Stomatopod – DrizzleFizzle

Pirate Alley

Stomatopod – DrizzleFizzleWhilst many bands at certain operational levels come alive for evenings and weekends, it seems as if the members of Chicago power-trio Stomatopod need them more than most outside of their day jobs, to discharge emotionally and recharge electrically.

With this second full-length album from the ensemble – following on from 2022’s sturdy six-song Steve Albini-cut Competing With Hindsight mini-LP – it feels like the post-nine-to-five uncorking is positively explosive.

Put to tape again at the late Albini’s Electrical Audio studio, but with Jon San Paolo at the controls this time around, the ten-track sub-editor-disturbing DrizzleFizzle from the returning threesome of John Huston (vocals / guitar), Sharon Maloy (bass / vocals) and Elliot Dicks (drums) runs hot right from the start, with a pace that rarely slackens throughout.
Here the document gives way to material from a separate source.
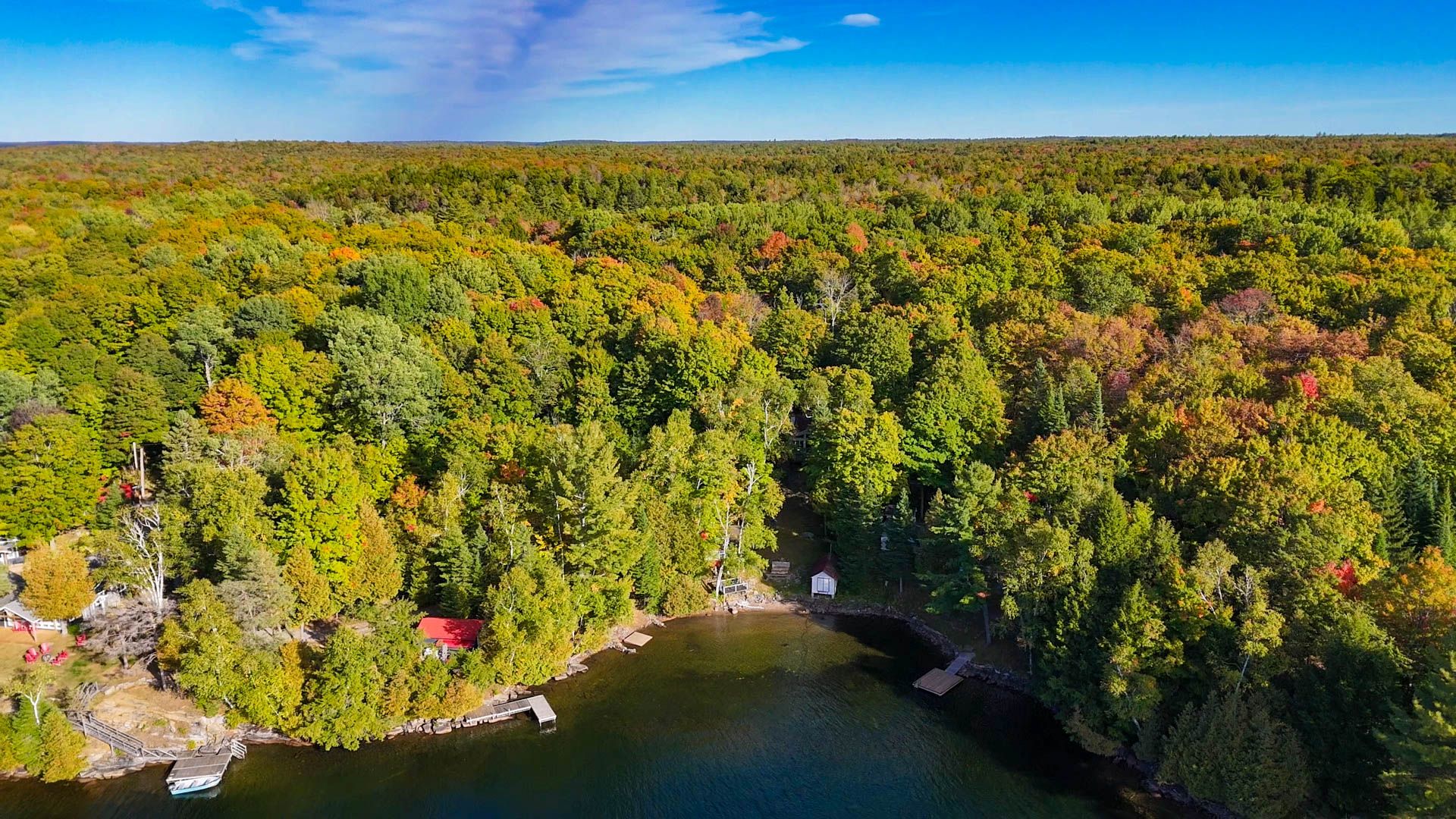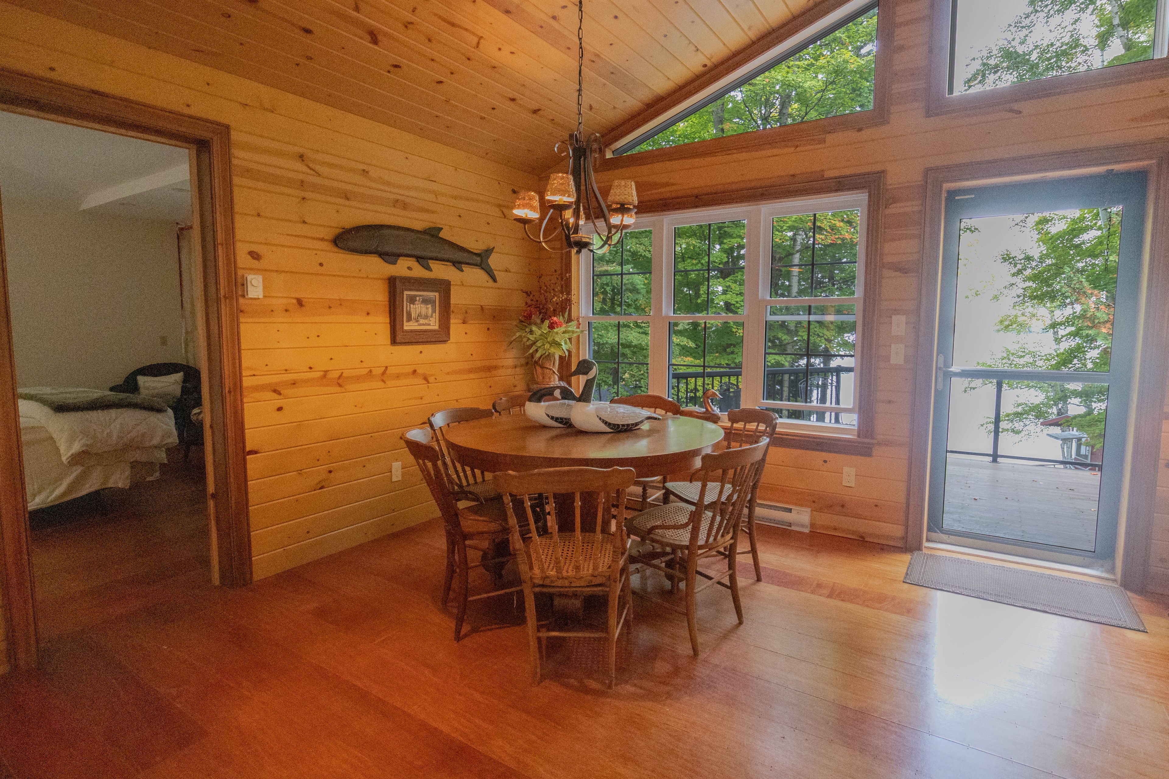 Big lake views, unforgettable sunsets, and room for everyone-this is the chandos lake retreat families wait years to find. Set on the sought-after shores of chandos lake, this exceptional waterfront property showcases expansive northwest views, offering stunning sunsets right from your dock. With a walk-in sandy beach, it delivers the perfect blend of privacy, protection, and classic cottage living. Designed for gathering, this multi-building property comfortably accommodates up to 20 guests-ideal for hosting family and friends. The main cottage features three bedrooms, a full bathroom, a spacious kitchen with island and lake views, and a welcoming living room with a cozy wood-burning fireplace. A bright great room opens onto the deck, creating seamless indoor-outdoor flow. At the water's edge, the guest house/second cottage offers two bedrooms-one with beautiful lake views-an open-concept eat-in kitchen, and a convenient two-piece bath, giving guests their own private space. Above the garage, a large loft adds flexibility with additional sleeping for up to six and a recreation area. The waterfront is a true highlight, featuring a boathouse at the shoreline, a separate deck overlooking the beach, and a dock that accommodates multiple boats-perfect for enjoying the crystal-clear, spring-fed lake. Start your mornings with coffee by the water and end your days taking in breathtaking sunsets across the open lake. Additional features include a garage with washer, dryer, and workbench, a storage shed, and parking for five or more vehicles. Lovingly maintained by one family for decades, this rare offering combines space, setting, and lifestyle-an incredible opportunity to own a legacy property on chandos lake.

And what a start it is. With the one-two punch of “Spatchcocked” and “Tiger Rider”, the group’s triangular fusions funnel the ferocity of early Fugazi, the gangly vim of primordial Karate and the emotional adrenaline of Beet-to-Lived To Tell-era Eleventh Dream Day. Such convergence forms the primary template for the record as a whole.

This leads to further highlights through the vintage quiet / loud dynamics within “Sweet Dreams”; the call-and-response vocal buoyancy of “Beige” and “Someone Else’s Enemies”; the yearning strung-out passages of “Ocean Slider”; the guitar vs. drums duelling of the title track; and the heavy effects-drenched sprawling that dominates the closing “Backwards To Infinity”.

Although, arguably, DrizzleFizzle could do with a bit of extra internal space and some great sonic variety to give some of the songs more room to breathe, its infectiously rousing energy and compellingly churning wordplay does make it a reliably handy tool for loudly blowing away the mental cobwebs at the end of a hard-working week.